Hindi and Tamil Question Answering

Cover Image

Context:

India, with its staggering population of nearly 1.4 billion people, is the second-most populous country globally. However, Indian languages, such as Hindi and Tamil, remain underrepresented on the web. Popular Natural Language Understanding (NLU) models often struggle with Indian languages, resulting in subpar user experiences for Indian web users. By harnessing the expertise of the Kaggle community and leveraging novel machine learning solutions, we can help Indian users fully utilize the web and overcome language barriers.
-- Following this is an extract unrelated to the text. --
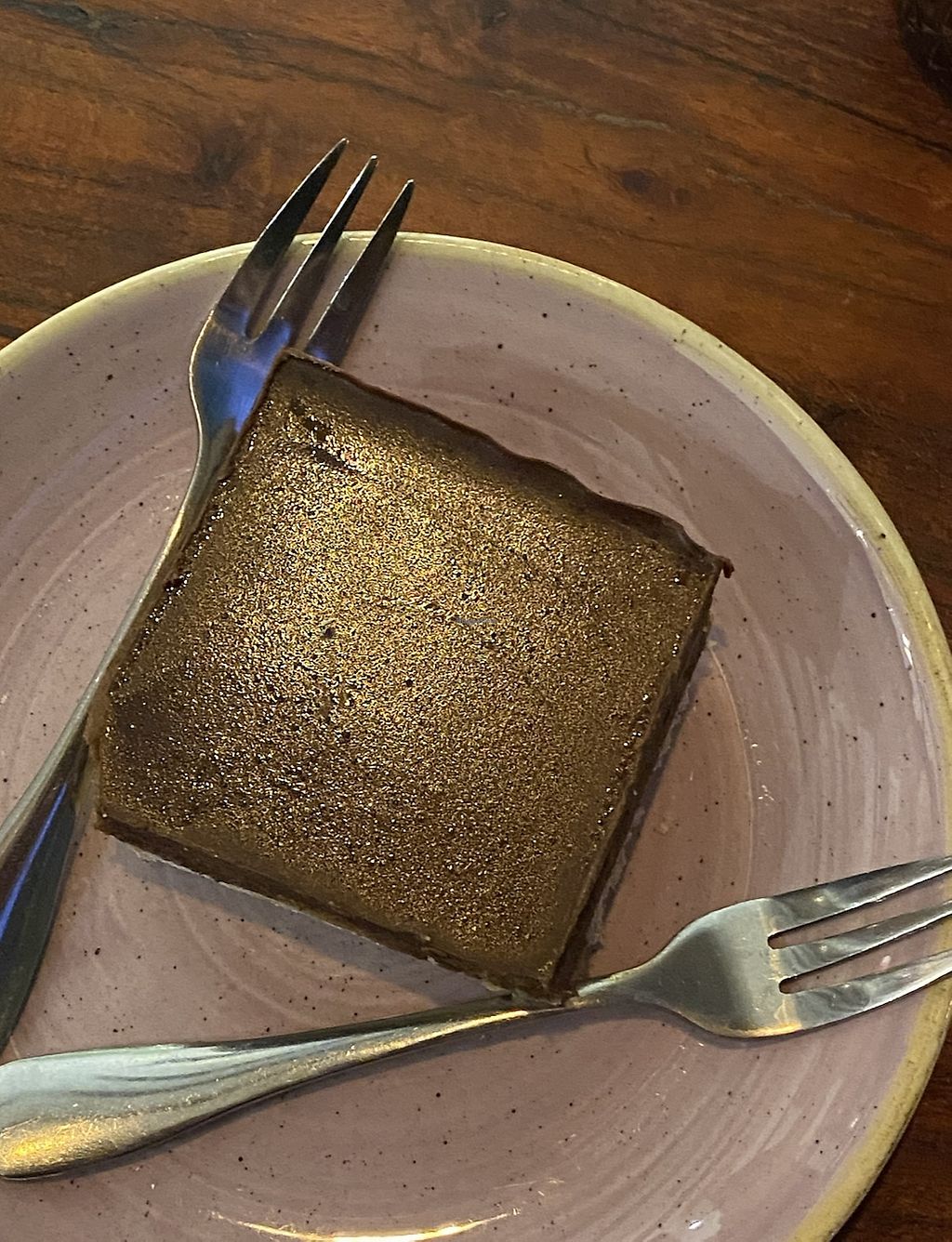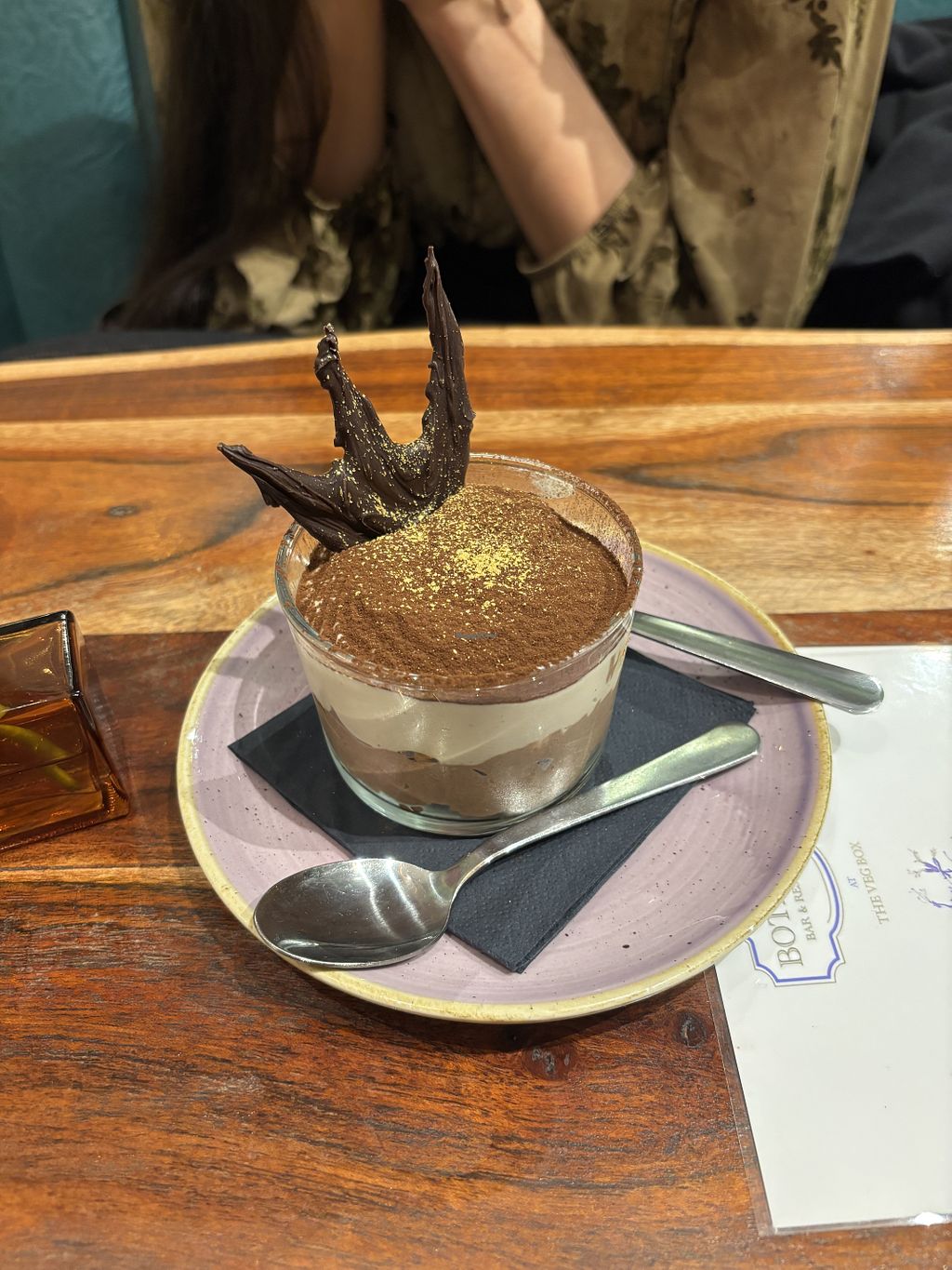 I got a full English breakfast, oat milk latte, and a tiramisu. I also tried some of Purp's salted caramel cake.
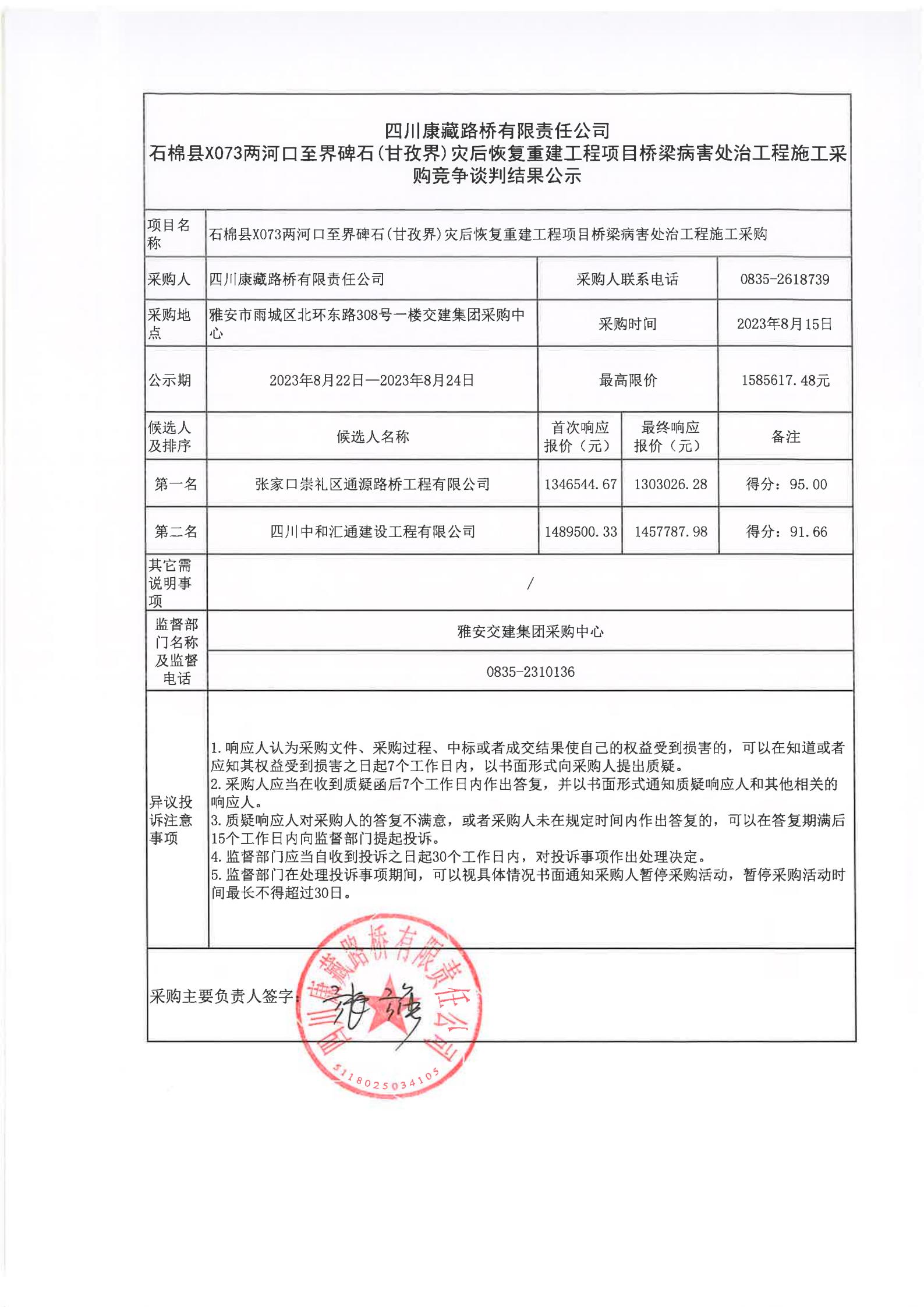 四川康藏路橋有限責任公司石棉縣X073兩河口至界碑石(甘孜界)災后恢復重建工程項目橋梁病害處治工程施工采購競爭談判結(jié)果公示

Problem: While predicting answers to questions is a common NLU task, it is less explored in Hindi and Tamil. Advancements in multilingual modeling require focused efforts to generate high-quality datasets and improve modeling techniques. Additionally, for languages with limited representation in public datasets, establishing trustworthy evaluations becomes challenging. This competition aims to address these gaps by providing a new question answering dataset called chaii-1. The dataset, covering Hindi and Tamil, was collected without translation and presents a realistic information-seeking task with questions crafted by expert native-speaking data annotators. Participants are encouraged to contribute additional datasets to drive future machine learning advancements for Indian languages.

Goal and Tasks:

In this competition, the objective is to predict answers to real questions based on Wikipedia articles. Participants will work with the chaii-1 dataset, a question answering dataset consisting of question-answer pairs in Hindi and Tamil. The dataset offers an opportunity to tackle information-seeking challenges without relying on translation. Participants will be provided with a baseline model and inference code to build upon.

Impact and Benefits:

Successful contributions to this competition will significantly enhance the performance of NLU models in Indian languages. The improved results have the potential to enhance the web experience for India’s vast population of nearly 1.4 billion people. Moreover, advancements in multilingual NLP achieved through this competition can extend beyond the languages specific to the competition. By participating, you not only contribute to the development of question answering capabilities in Hindi and Tamil, but you also contribute to the broader field of multilingual NLP.

Achievements:

In the “chaii - Hindi and Tamil Question Answering” competition hosted by Google India on Kaggle, I secured the 79th position globally, placing in the top 9% of participants worldwide. My approach involved training a “xlm roberta large-squad2” model using the provided dataset, enabling accurate answers to questions given any context in Tamil.

Through this competition, we strive to bridge the gap in NLU models for Indian languages, foster linguistic inclusivity, and enhance the accessibility of information for millions of Indian users.